Task details |
Skip every picture, then write out exactly the lines of the listing below from the line that contains "- Submit - When" through the final line.

▶

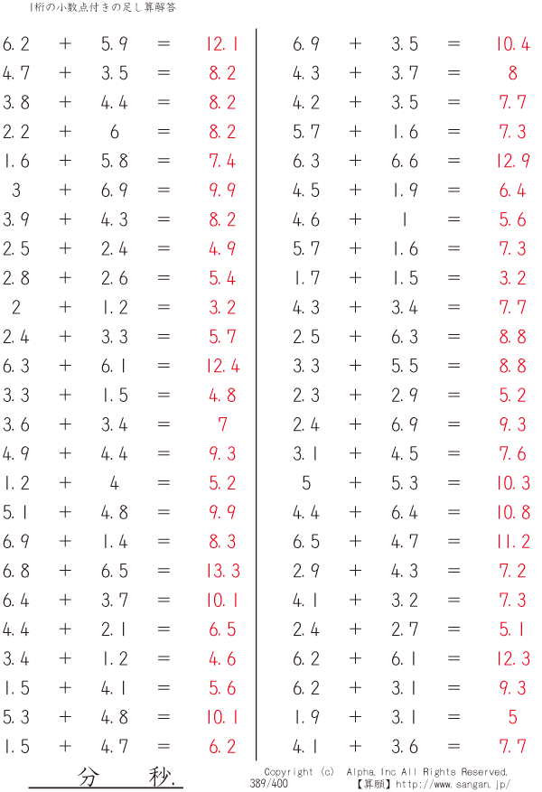1桁の小数点付きの足し算 [解答]389/400
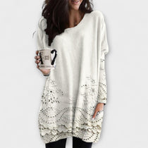 Riley – Udoban Pulover s Printom postat će tvoj novi omiljeni izbor za opuštenu eleganciju. Sa valovitim rubom, raskošnim cvjetnim vezom i oversize siluetom, spaja luksuzne detalje s udobnošću za svaki dan.
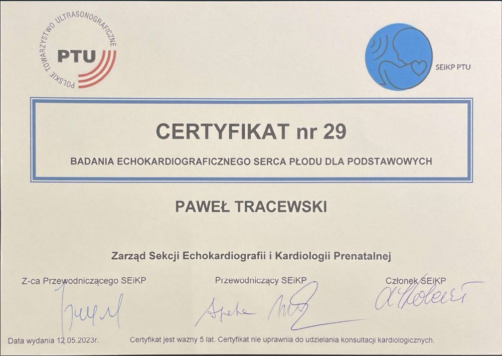 Jaki jest zakres porad oferowanych przez Paweł Tracewski?Paweł Tracewski to kardiolog dziecięcy. Na podstawie swojego doświadczenia i wykształcenia Paweł Tracewski oferuje usługi takie jak: konsultacja kardiologa dziecięcego, Echo Serca Płodu (konsultacja + badanie echokardiograficzne serca płodu), Echo Serca Płodu ciąża bliźniacza lub mnoga (konsultacja + badanie echokardiograficzne serca płodu), ECHO serca.
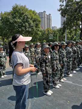 教官绝对是孩子们的榜样楷模。在第二天的军事训练中,各班级教官认真负责,严中有爱,以身作则。对于新项目,教官们会亲身示范,标准的动作让孩子们能够更快地掌握其中要领。对于孩子们在军训中遇到的各种问题、各种困难,各班级教官都能够及时关注、迅速解决。
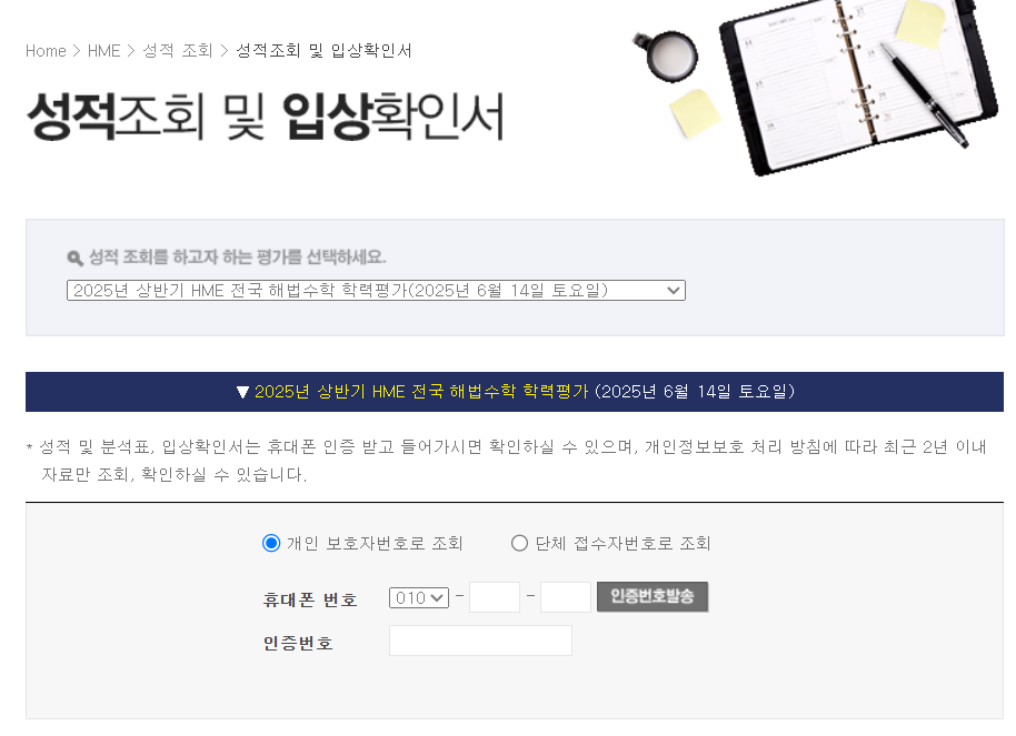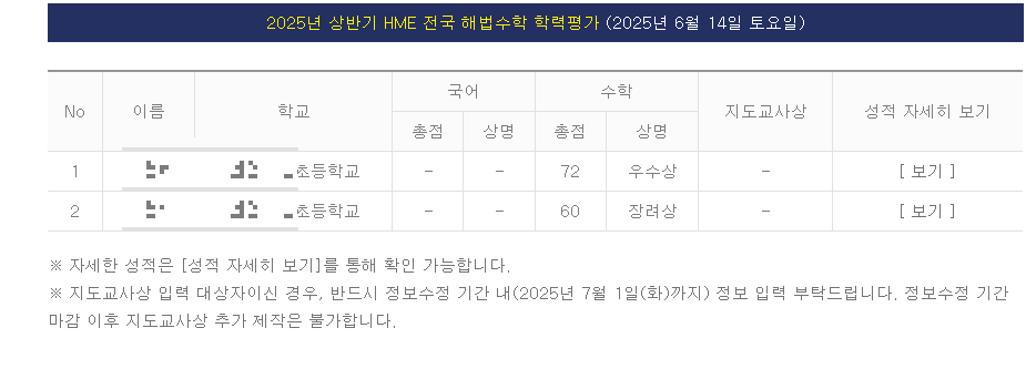 2025 HME 수학 학력평가 결과확인하러 가기
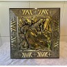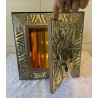 Material: Madeira com revestimento metálico cinzelado artesanalmente. Acabamento interno e externo em metal.
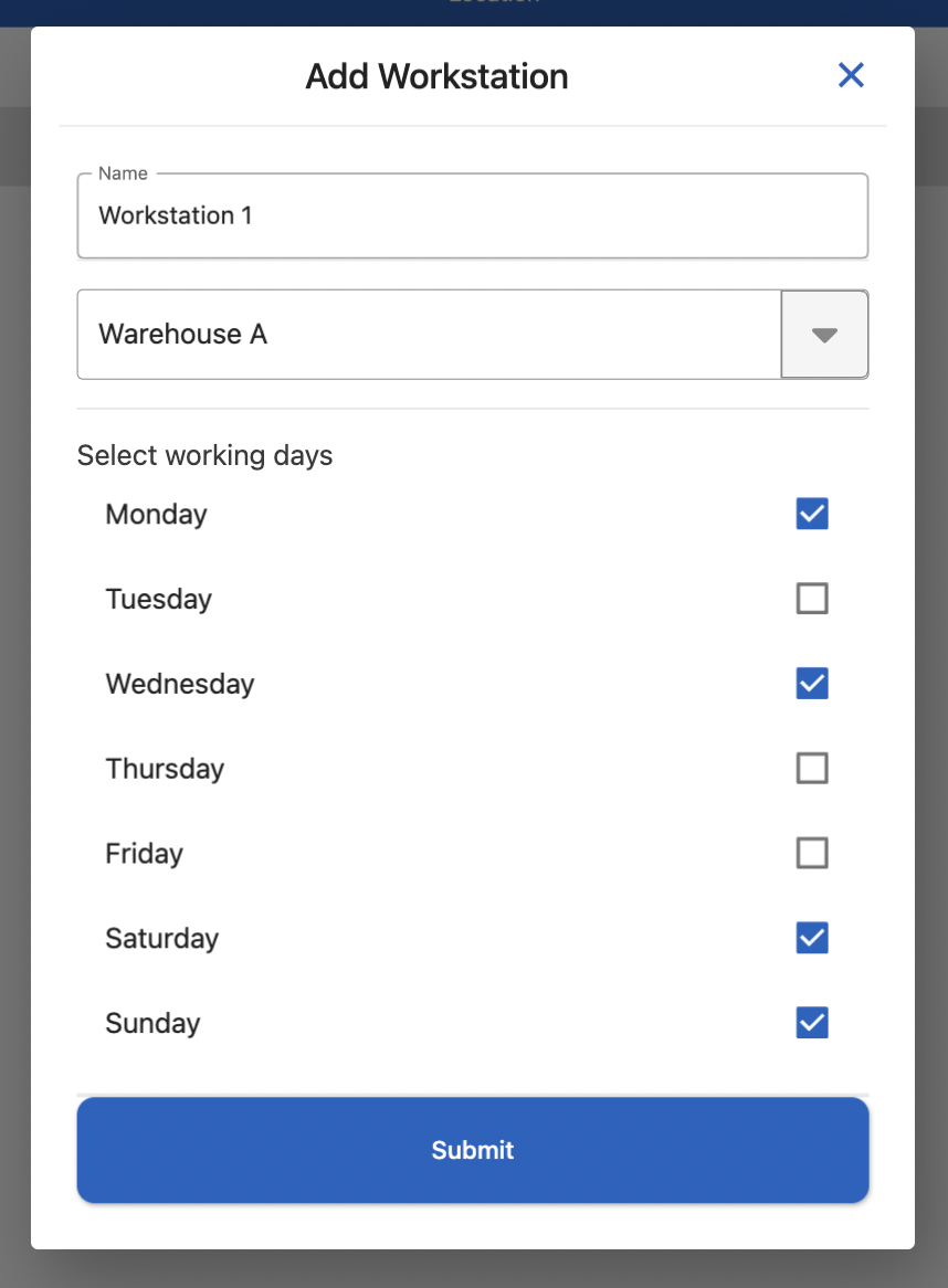 - Submit - When you press the submit button, you'll see a success message and the new workstation will appear in the workstations list, ready for configuration.
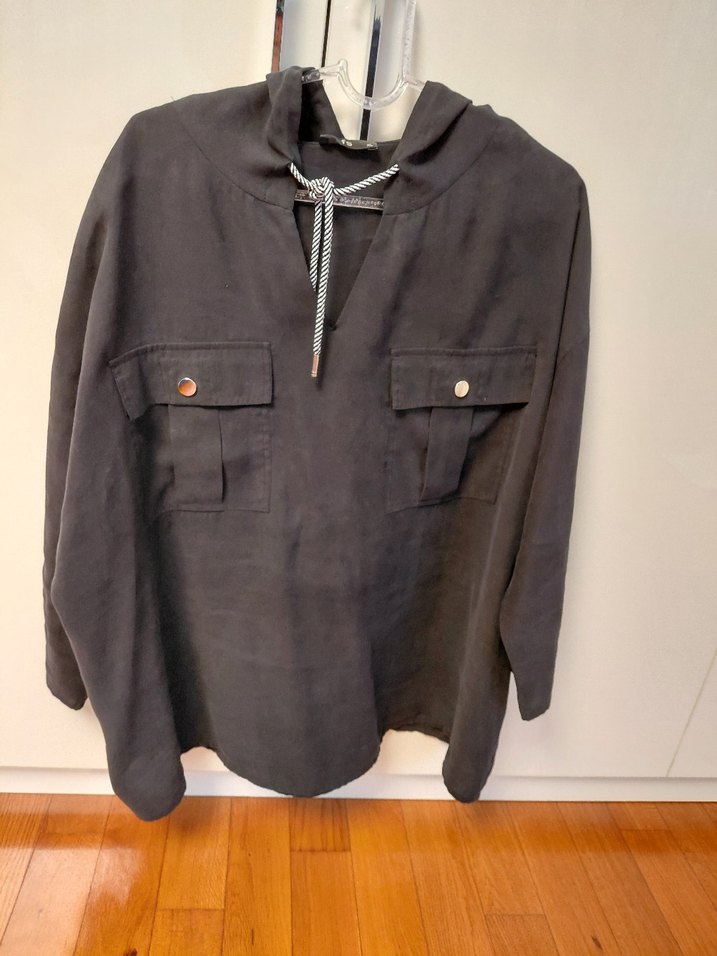 Gri keten kumaştan, uzun kollu, salaş kesim ve yakalı. Düğmeli cepler ve günlük rahat sokak stili sunar.

◀

Task response |
 - Submit - When you press the submit button, you'll see a success message and the new workstation will appear in the workstations list, ready for configuration.
 Gri keten kumaştan, uzun kollu, salaş kesim ve yakalı. Düğmeli cepler ve günlük rahat sokak stili sunar.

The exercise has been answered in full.